Xxxxxx shall also provide BI with such supporting information as Xxxxxx
reasonably deems necessary or appropriate to confirm its determination, and
such additional information as BI may reasonably request for that
confirmation.
(d) The quotient determined pursuant to Section 3(c)(5) shall be
the actual Commission Rate applicable to deliveries of Raw Material made
during the partial calendar month, if any, in which the Effective Date occurs
and the first six full calendar months following the Effective Date. The
Parties shall adjust for any difference between the assumed Commission Rate
stated in Section 3(b) and the actual Commission Rate by (1) BI paying to
Xxxxxx any additional commission earned at the actual Commission Rate over
commissions theretofore paid at a lower assumed Commission Rate or (2) Xxxxxx
repaying to BI any excess of actual commissions theretofore paid at a higher
assumed Commission Rate over the commissions actually earned at the actual
Commission Rate, as the case may be.
(e) The quotient determined pursuant to Section 3(c)(5) shall also
be the assumed Commission Rate applicable to deliveries of Raw Material made
during the second period of six full calendar months following the Effective
Date, and in the calendar months following the end of that second period,
Xxxxxx shall make determinations of the Department Costs and aggregate
kilograms delivered, for such second period, as if Section 3(c) applied to
that second period. The Parties shall then apply Section 3(d) to determine
the actual Commission Rate for that second period and shall make the
adjustments in commissions paid that contemplated by the Section 3(d), in
each case as if Section 3(c) and Section 3(d) applied to that second period.

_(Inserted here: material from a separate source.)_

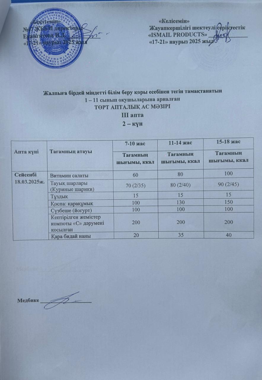 Бюджет қаражаты есебінен орта білім беру ұйымдарында білім алушыларды тегін тамақтандыруды ұйымдастыру үшін төрт апталық ас мәзірі/ Четырехнедельное меню блюд для организации бесплатного питания обучающихся в организациях среднего образования за счет бюджетных средств

The Parties shall thereafter repeat these procedures with respect to each
successive six calendar month period thereafter so long as deliveries are
made to BI of Raw Materials purchased through Xxxxxx.
4. TIME FOR ACTIONS; COOPERATION. (a) The Parties acknowledge that
this Agreement does not always provide specific time periods for the making
of offers and acceptances or the taking of other actions. The Parties agree
that each such action for which a specific time period is not provided shall
be taken reasonably promptly considering the circumstances as are then known
to the Party taking or required to take the action.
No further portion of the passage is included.